» WORK ORDER: All that is needed is an exact copy of the lines from the beginning of the data below through the line containing "Wang Chuqin (front", minus the pictures.
........
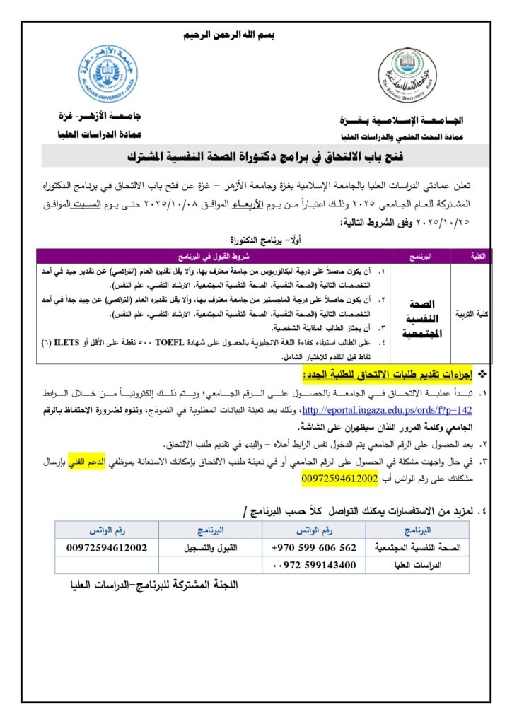 الإعلان عن فتح باب الالتحاق في برنامج الدكتوراة المشترك في الصحة النفسية
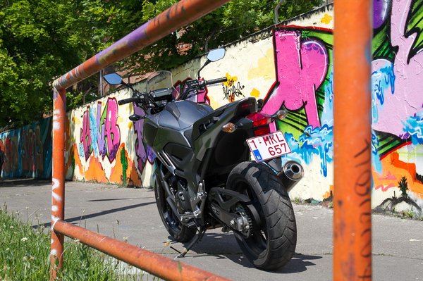 Márpedig elmélázásra nagyon alkalmas az NC, egy végletesen jámbor teremtmény, megijeszteni senkit nem fog. A koncepció tökéletes kivitelezésében egyedül a kissé keménykedő első futóművét lehet felhozni hibaként, de azt is valószínűleg a csekély, 75 kilós súlyom miatt éreztem sprődnek. Állítani mindenesetre nem lehet rajta, és így aztán nagyobb tempónál minden úthibán elkezdett rúgkapálni, mintha ki akarna ugrani alólam. Persze ez csak költői túlzás, de az teljesen egyértelmű, hogy nem ez 2014 legkifinomultabb futóműve. Teszi a dolgát, lehet vele kanyarodni is, de nem ezzel fogjuk megjavítani egyéni csúcsunkat a visegrádi szerpentinen. Igazából nem is fogjuk akarni, mert két merészebb kísérleti döntés után inkább visszaállunk a békés ingázótempóra.
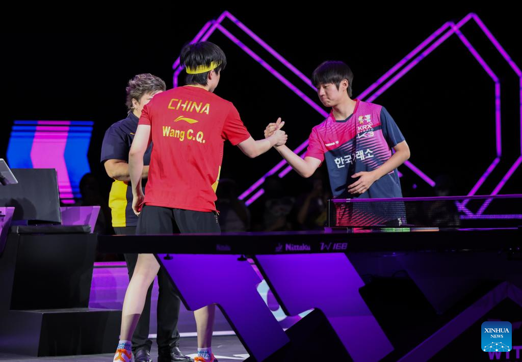 Wang Chuqin (front L) of China and Oh Junsung (R) of South Korea greet each other before their men's singles round of 16 match at the WTT Champions Yokohama 2025 in Yokohama, Japan, Aug. 9, 2025. (Xinhua/Yue Chenxing)
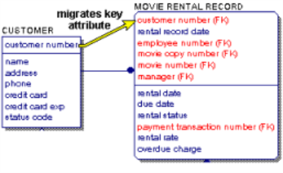 When you create a relationship between entities, the primary key attributes of the parent entity are automatically migrated to the child entity. The designator (FK) indicates the name of the migrated key attribute, also known as a foreign key. This migration occurs automatically in the physical model.
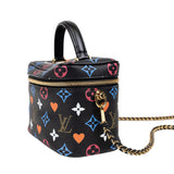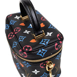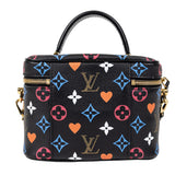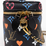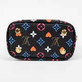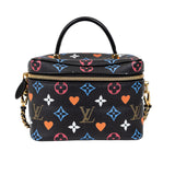The Louis Vuitton Game On Vanity PM Case Bag is a rare collector’s piece from the playful “Game On” capsule collection, reimagining the classic Monogram with a colorful twist. Crafted in black Monogram canvas with multicolor heart and monogram motifs, it’s accented with gold hardware, a top handle, and a detachable chain strap for crossbody wear. The structured vanity silhouette features a zip-around closure and a compact yet spacious interior perfect for essentials.
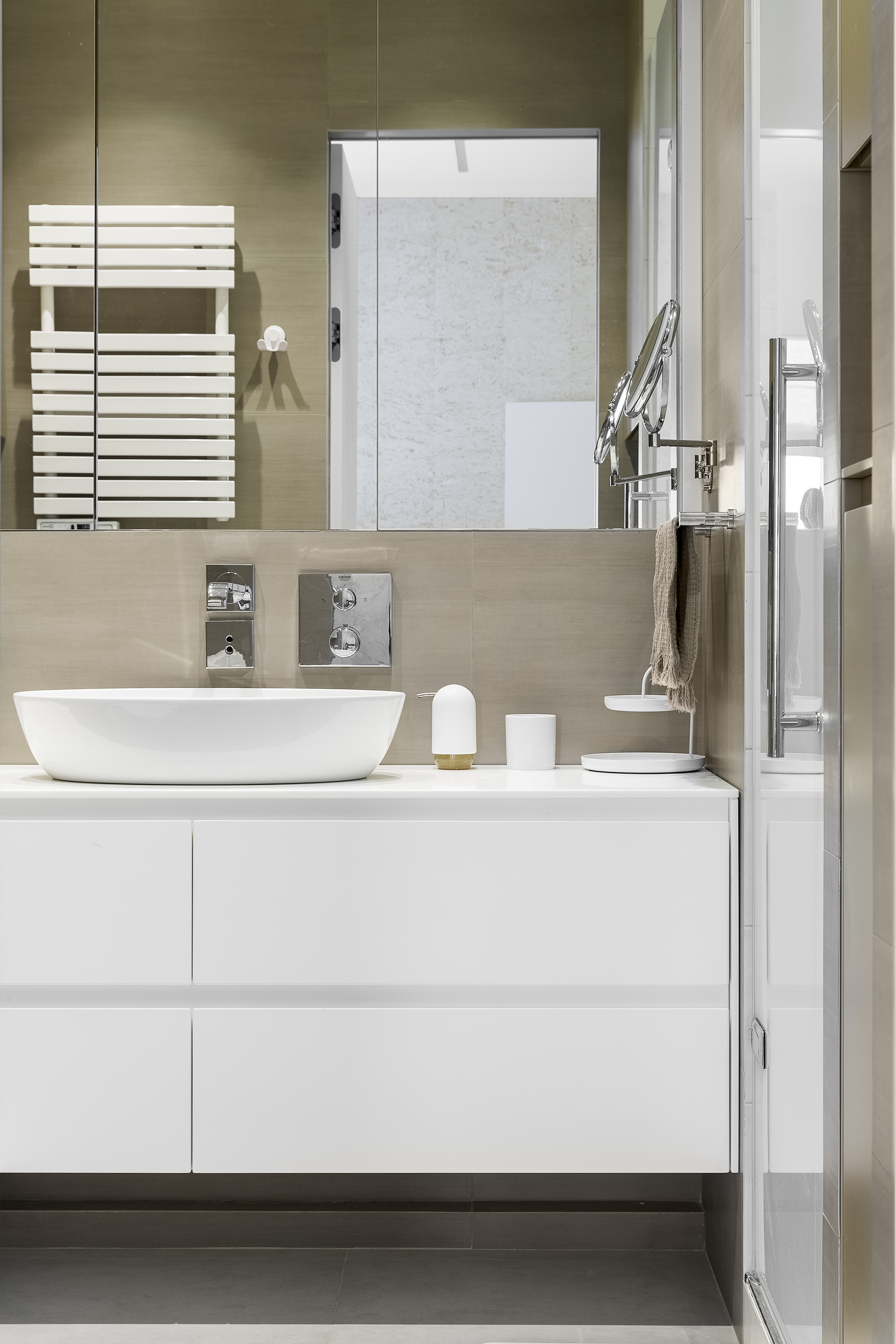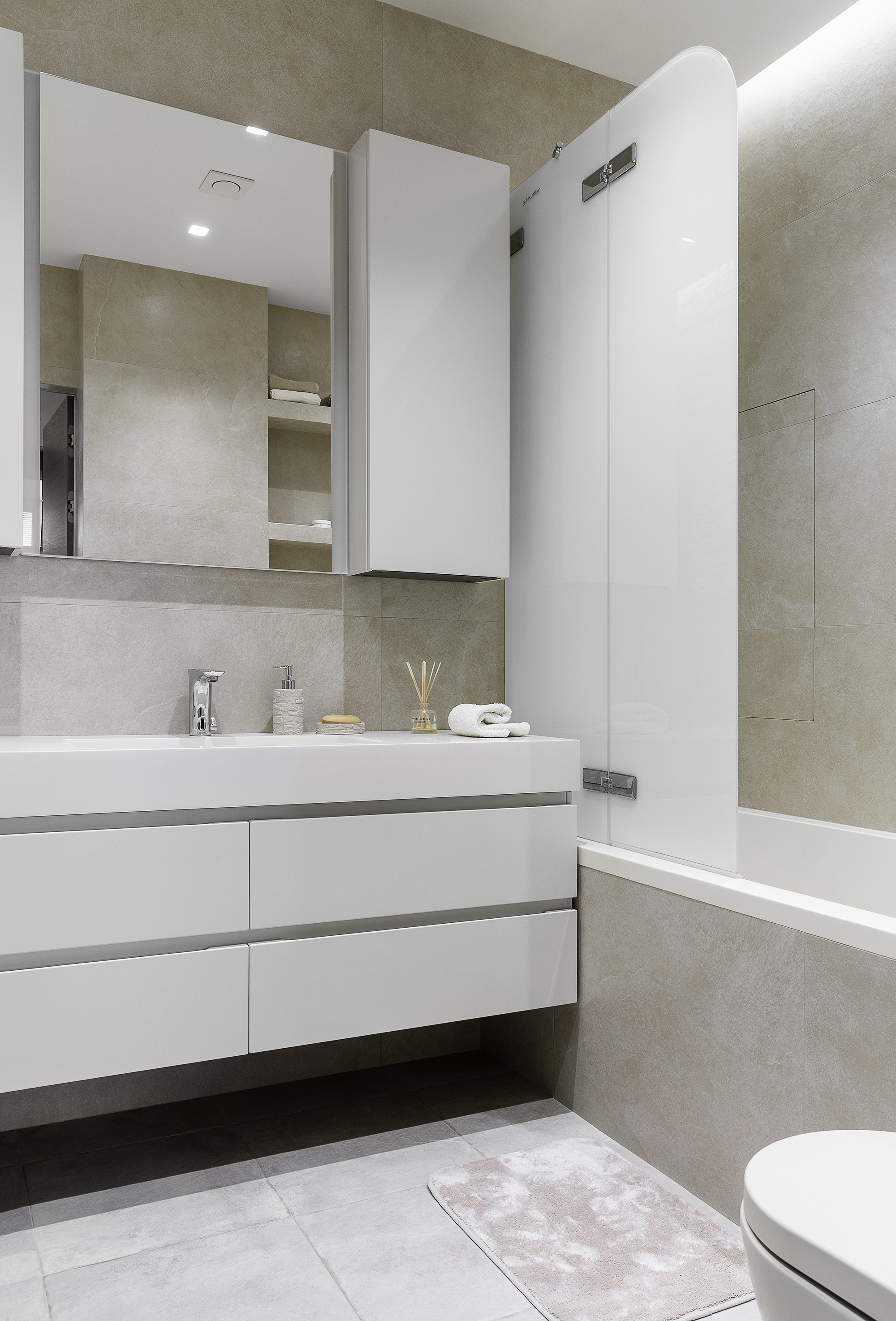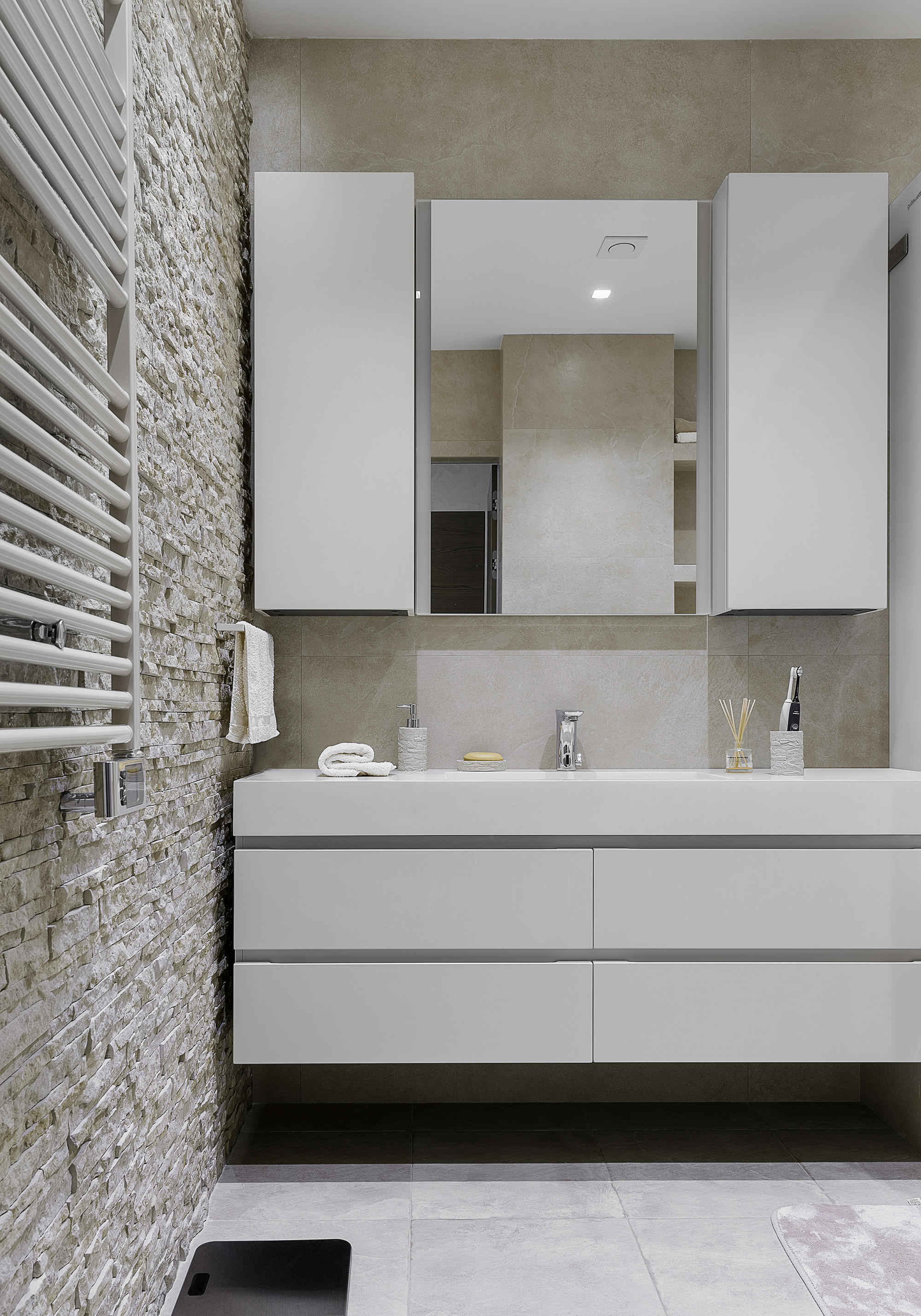 Мебель мастер блока также выполнена на заказ из натурального дерева с вставками из матовой смолы
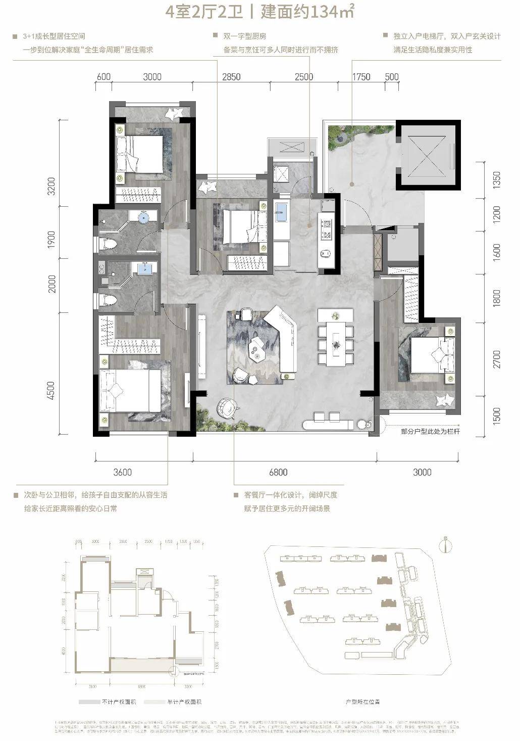 其中,住宅打造为13栋10-17F的纯板式小高层,商业半围合+住宅阵列式布局,不仅规避了商业或产生的嘈杂,同时形成南北通透、双面观景的楼栋格局,给到业主一个纯粹舒适的居住环境。
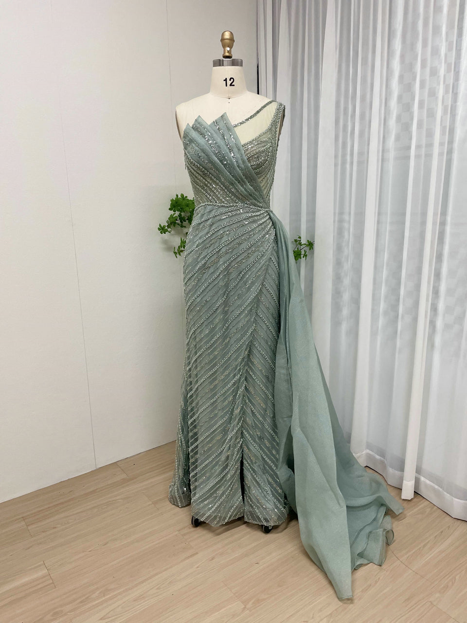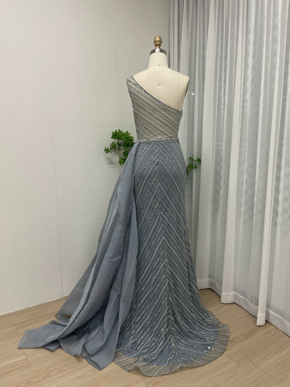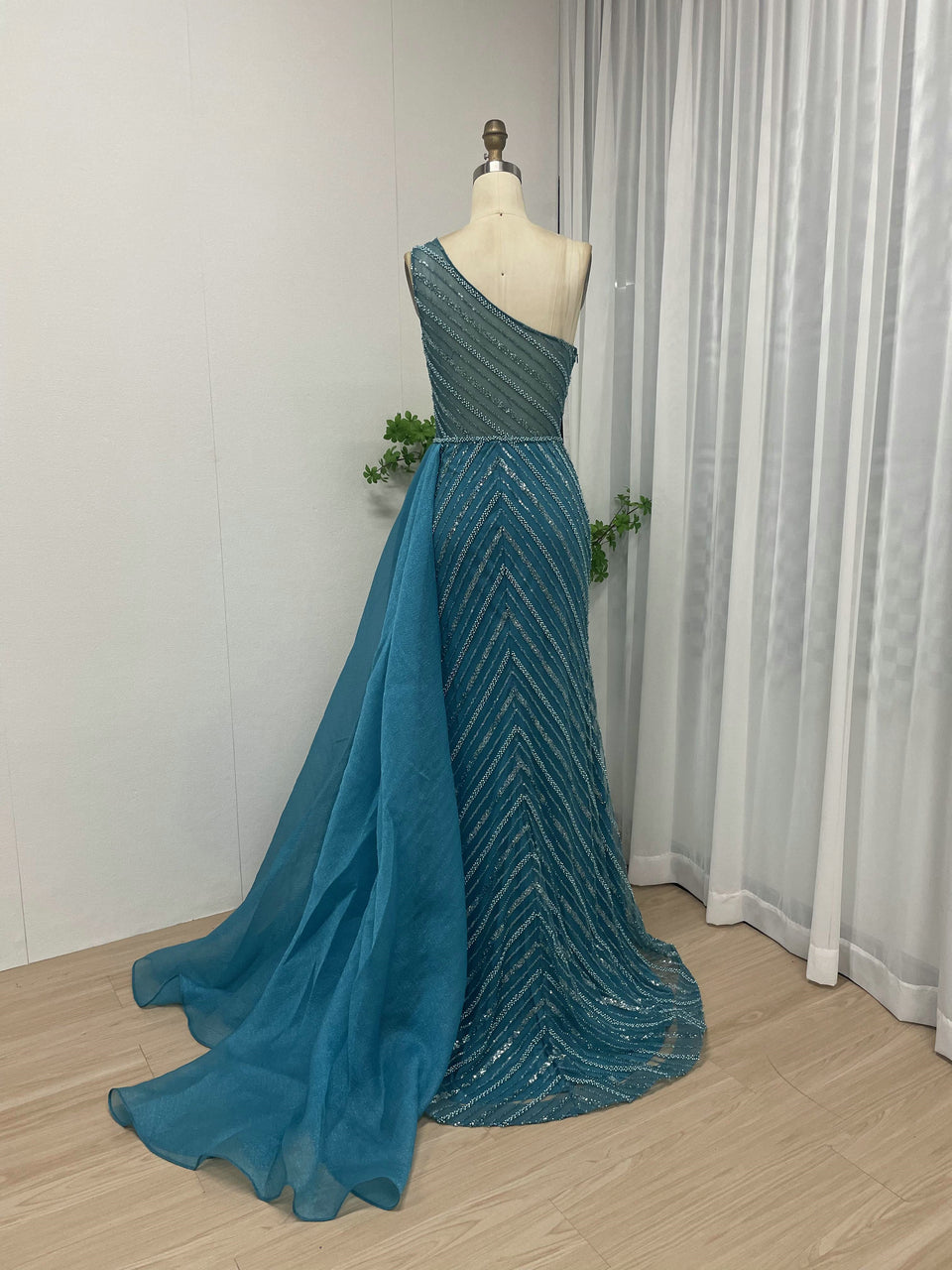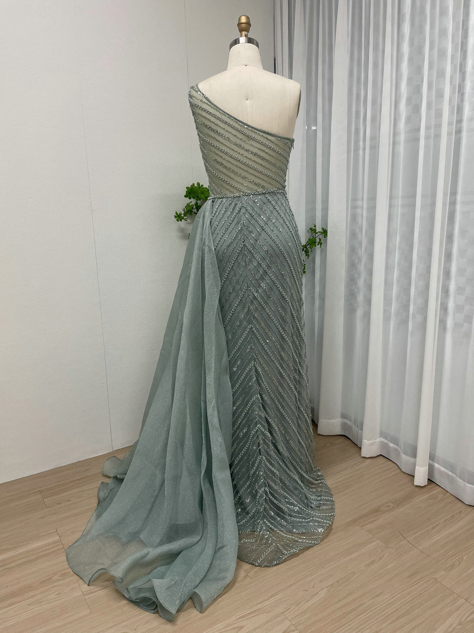 Luxurious One Shoulder Asymmetrical Mermaid Evening Gown Intricate Beading Lace Party Dress MB40185
........
» SOLUTION:
 الإعلان عن فتح باب الالتحاق في برنامج الدكتوراة المشترك في الصحة النفسية
 Márpedig elmélázásra nagyon alkalmas az NC, egy végletesen jámbor teremtmény, megijeszteni senkit nem fog. A koncepció tökéletes kivitelezésében egyedül a kissé keménykedő első futóművét lehet felhozni hibaként, de azt is valószínűleg a csekély, 75 kilós súlyom miatt éreztem sprődnek. Állítani mindenesetre nem lehet rajta, és így aztán nagyobb tempónál minden úthibán elkezdett rúgkapálni, mintha ki akarna ugrani alólam. Persze ez csak költői túlzás, de az teljesen egyértelmű, hogy nem ez 2014 legkifinomultabb futóműve. Teszi a dolgát, lehet vele kanyarodni is, de nem ezzel fogjuk megjavítani egyéni csúcsunkat a visegrádi szerpentinen. Igazából nem is fogjuk akarni, mert két merészebb kísérleti döntés után inkább visszaállunk a békés ingázótempóra.
 Wang Chuqin (front L) of China and Oh Junsung (R) of South Korea greet each other before their men's singles round of 16 match at the WTT Champions Yokohama 2025 in Yokohama, Japan, Aug. 9, 2025. (Xinhua/Yue Chenxing)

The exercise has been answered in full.